This Tiny U.S. Island Is Full of Quiet Beaches, Art, Rum, History — and Some Say Voodoo

The views and random finds on Daufuskie Island

Imagine an island with pristine beaches and vast forests, less than a mile from one of the largest resort destinations on the East Coast. For decades, developers have eyed Daufuskie Island with plans to capitalize on its incredible beauty, yet they've mostly failed. Some blame it on access — the island is only accessible by boat — while others chalk it up to voodoo.

Daufuskie is a place where very little happens. When it does, word travels fast down the dusty roads that connect the fledgling resort communities with the 400-or-so year-round locals who have persisted here for generations, relying on farming, fishing, and ferries for subsistence. Look closely as you walk, pedal, or golf cart past the cabins in the woods, and you'll see eyes painted on the trees and windowsills painted indigo blue. These measures are taken by the local Gullah-Geechee inhabitants — descendants of the enslaved people and freedmen who have farmed the island for two centuries — to ward off the "hag," an evil spirit believed to slip into bed with slumbering locals.
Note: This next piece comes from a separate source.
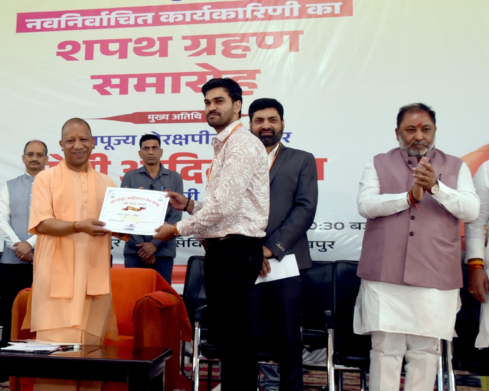 गोरखपुर में आयोजित गोरखपुर जर्नलिस्ट्स प्रेस क्लब की नवनिर्वाचित कार्यकारिणी के शपथ ग्रहण समारोह में शामिल हुए मुख्यमंत्री योगी

Haig Point on Dafauskie Island, South Carolina

Where to Stay

Maybe it's the hag that keeps Daufuskie pristine. The ambitious beachfront Melrose Resort remains shuttered, its once-grand inn slowly decaying, despite rooms with horizon views across the Atlantic. On the island's southern end, Bloody Point Golf Club & Resort is no longer any of those things — a private inn is available for rent, but weeds grow on the golf course and the restaurant's kitchen has been shuttered for years.

But it's the island's seemingly innate stubbornness to be developed that lends Daufuskie its charm. And one project seems to have cracked the hag's curse. At Haig Point, directly across from Hilton Head Island, a 40-foot-tall lighthouse, dating from 1873, has been converted into a luxurious rental that sleeps four people, completed with a full kitchen and rocking chairs looking out over Calibogue Sound. Nearby, the 1910 Strachan Mansion (relocated to Daufuskie from St. Simons Island in 1986) includes four rooms open to travelers. In 2022, the first Cottages at Haig Point will open, each offering comfortable common areas and six private guestrooms. The resort features an oceanfront golf course designed by Rees Jones, a tennis complex, and an equestrian center, with trail rides available through the forest and on the beach.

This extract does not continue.